I wrote the exact same first person shooter 3D game both in C++ and JavaScript. In this article, I am writing down my findings. Please skip the next indented paragraph if you are not interested in the background details.
A few years ago, when WebGL started to work in most browsers, I had the idea to write a first person shooter game in JavaScript and HTML. It was a crazy idea back then, but it worked, and the performance wasn't that bad (
try it out yourself). I extended the game's code in my free time, and after a few years, a lot of features were added, and the game started to be fun.
Then,
Electron arrived (basically it's a way to bundle your website in a package together with the Chrome browser and pretend you created a native app), and I thought:
"Woha! Why not make a real native app out of my WebGL game? I only put it into Electron and that's it!"
I did that, and Electron worked surprisingly well. Nice piece of software.
But the result wasn't very convincing: Although I put a lot of effort into making the electron app feel like a native app instead of a HTML site, it had a lot of drawbacks like input lag, lack of hardware, 3D and fullscreen settings, bad working cursor locking and similar.

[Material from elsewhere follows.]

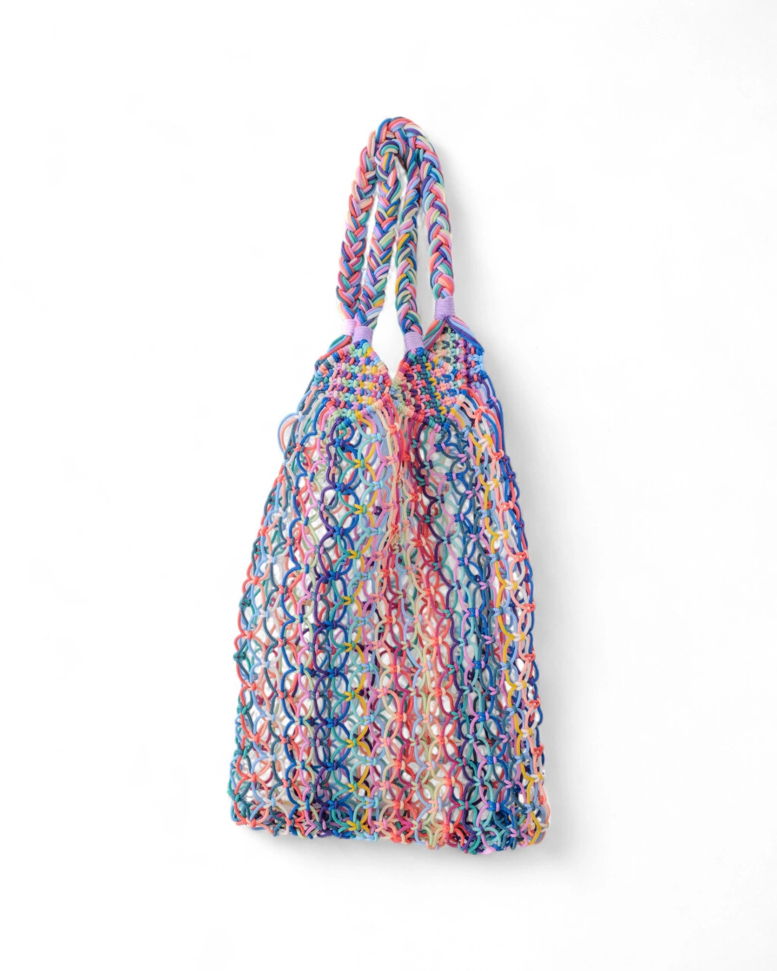 This colorful fishing line mesh bag comes in 7 vibrant color combos, designed to add a fun twist to your wardrobe. Lightweight, water and sand-resistant, and delivered with its protective dustbag, it’s both stylish and functional.

So I decided to rewrite the entire game in C++. Because - why not. And it shouldn't be that complicated:
The JavaScript code of the game is based on the open source 3D engine
CopperLicht (which I created), which has a similar API to the C++ 3D engine
Irrlicht (which I created too), on which my game engine Framework CopperCube is based on anyway. So it wasn't that much work, I only had to rewrite the game logic. Everything else, from Window / UI / Collision / Font / Texture / Sound / Image / File handling etc was already there, with a very similar API.
The port was done within a handful of weekends and the game is now a native Win32 C++ program. You can
try it if you like.
Comparison
So now, I have a rare possibility to compare the development of the same app written both in C++ and JavaScript:
Performance
This was the biggest surprise for me: The performance of both implementations is very comparable. Even the most CPU intensive parts, namely procedural generation of houses and the collision detection for the physics engine run at acceptable speed in JavaScript. And only about twice as slow as in the C++ version. Chrome's JavaScript optimization is really impressive. Unfortunately, the JavaScript version of the game
feels to be much, much slower. See next why.
Control of the details
While I have full control of nearly everything in my C++ implementation, I need to rely on the browser for a lot of things in the JavaScript version of the game. And that's where the problem is. The procedural generation of the world is laggy in the JavaScript version, because some WebGL calls sometimes shortly freeze the browser. It is just a few milliseconds, but these aggregate and slow down the game very much. I wrote several workarounds solving some cases, only for other cases to appear, unfortunately. In C++, you have direct access to everything, so if a problem like this appears, you have much more ways to work around them.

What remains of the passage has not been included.